Study area and experimental design

Agro-pastoral settlements across a mountainous landscape in the Spiti region of northern India (4,300- to 4,500-m elevation) have established rangelands that are either grazed primarily by domestic livestock (goat, sheep, donkey, horse, cattle and yak-cattle hybrids) or by free-ranging native herbivores (ibex, Capra sibirica; bharal, Pseudois nayaur; yak, Bos grunniens) (Bagchi and Ritchie 2010b). Livestock are herded to these rangelands nearly year round, with three to seven days separating consecutive visits, although visitation declines between January and March due to snow cover, when they are stall-fed. The rangelands are demarcated by natural features - ridges, canyons and streams - rather than by fencing. So, although native herbivores are not physically excluded, they generally avoid areas that are frequently visited by livestock. While the predominantly Buddhist society is not known to actively engage in hunting, retaliatory persecution of carnivores in response to livestock losses - since both native herbivores and livestock are prey for predators such as the snow leopard (Uncia uncia; Bagchi and Mishra 2006) - is a conservation challenge across the greater Trans-Himalayan landscape.

Importantly, grazing intensity, measured using 1-m2 cages at monthly intervals during the growth season following the study of McNaughton et al. (1996), was comparable between the rangelands used by livestock and by native herbivores. Between 2005 and 2007, native herbivores consumed between 45% (±8% SE) and 66% (±11% SE) of plant production, whereas the livestock consumed between 55% (±5% SE) and 64% (±9% SE) of plant production, and these grazing intensities were not statistically distinguishable from one another (F1,5 = 0.49, P = 0.51; Bagchi and Ritchie 2010b). Historical grazing pressures were also likely to be comparable to the prevailing conditions (Bagchi and Ritchie 2010b). Here, similar to other ecosystems (e.g. Frank and McNaughton 1993), grazers are known to have favourable effects on net aboveground plant production (Bagchi and Ritchie 2010a). Concomitantly, similar to other ecosystems (e.g. Anderson et al. 2007), experimental herbivore exclusion at this site is accompanied by shifts in species composition: an increase in the relative abundance of forbs and grasses and a decline in sedges (Bagchi and Ritchie 2010b).

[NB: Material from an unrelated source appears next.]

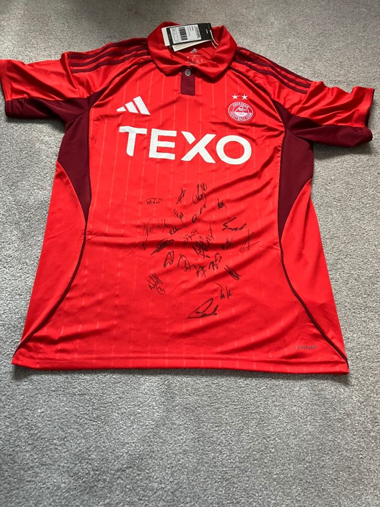 Signed by all players. Won at a raffle at pittodrie beginning November. T-shirt is size medium - retailing at £70. Selling for cheaper due to signatures not being the best visibility but can still make out who most players are.

The Trans-Himalayan climate is cold and arid with temperatures dropping below −30°C between November and March, with a short growth season for plants (May to August). The annual precipitation is 200 to 400 mm, and most of it occurs as snow outside the short growth season. As in other high-altitude ecosystems, plant growth is primarily dependent on soil moisture derived from the early-season snowmelt (April to May) rather than on the late-season monsoon in India (August). Terrain and topography influence snowpack and snowmelt which results in natural variation in soil moisture across the mountainous landscape. Soils are relatively nutrient-poor, and plant production is also low: the average soil N is 0.14%, and the average net aboveground production (NAP) is 47 g·m−2 (Bagchi and Ritchie 2010a).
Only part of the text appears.